## [Data provided]
>>>>
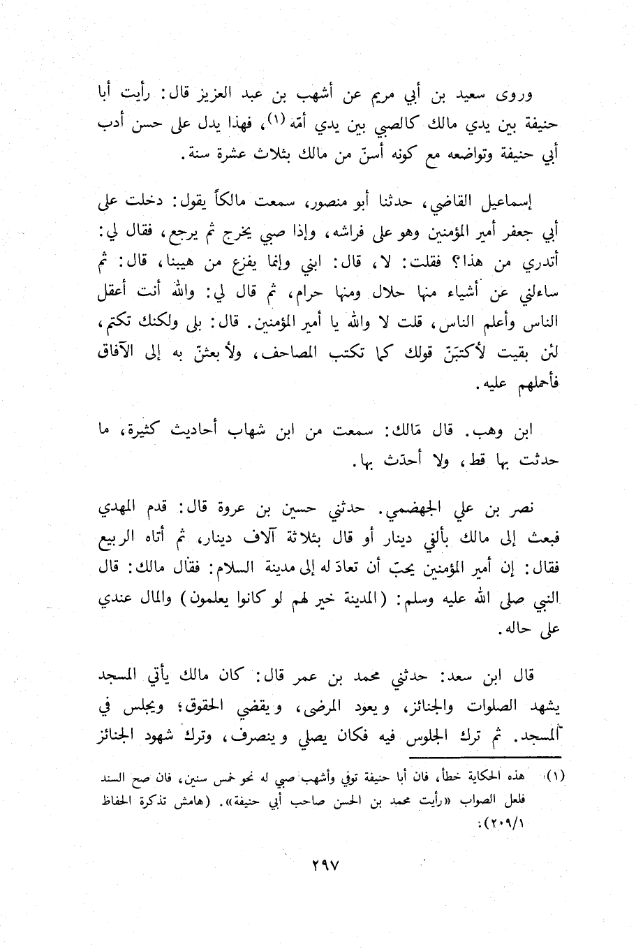 (¬1) هذه الحكاية خطأ، فان أبا حنيفة توفي وأشهب صبي له نحو خمس سنين، فان صح السند فلعل الصواب «رأيت محمد بن الحسن صاحب أبي حنيفة». (هامش تذكرة الحفاظ 1/ 209).
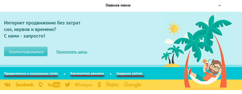 Современный проект для продвижения личных страниц и сообществ. Предлагает дополнительные услуги – создание сайтов и настройка контекстной рекламы. Пользователям доступен заработок на лайках в Твиттере, Одноклассниках, Facebook, ВКонтакте и других популярных соцсетях.
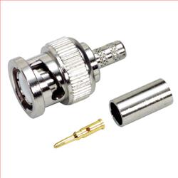 This male BNC connector is designed for crimp attachment to Belden 7807 style coaxial cable utilizing a standard crimp size of .213" for the crimp ferrule. The contact pin is designed for solder attachment to the cable center conductor. BNC connectors connect with a twist lock, making them popular for RF applications.
<<<<
## [Description of the task]
Could you transcribe the material above exactly, keeping every picture out?

## [Solution to this exercise]
 (¬1) هذه الحكاية خطأ، فان أبا حنيفة توفي وأشهب صبي له نحو خمس سنين، فان صح السند فلعل الصواب «رأيت محمد بن الحسن صاحب أبي حنيفة». (هامش تذكرة الحفاظ 1/ 209).
 Современный проект для продвижения личных страниц и сообществ. Предлагает дополнительные услуги – создание сайтов и настройка контекстной рекламы. Пользователям доступен заработок на лайках в Твиттере, Одноклассниках, Facebook, ВКонтакте и других популярных соцсетях.
 This male BNC connector is designed for crimp attachment to Belden 7807 style coaxial cable utilizing a standard crimp size of .213" for the crimp ferrule. The contact pin is designed for solder attachment to the cable center conductor. BNC connectors connect with a twist lock, making them popular for RF applications.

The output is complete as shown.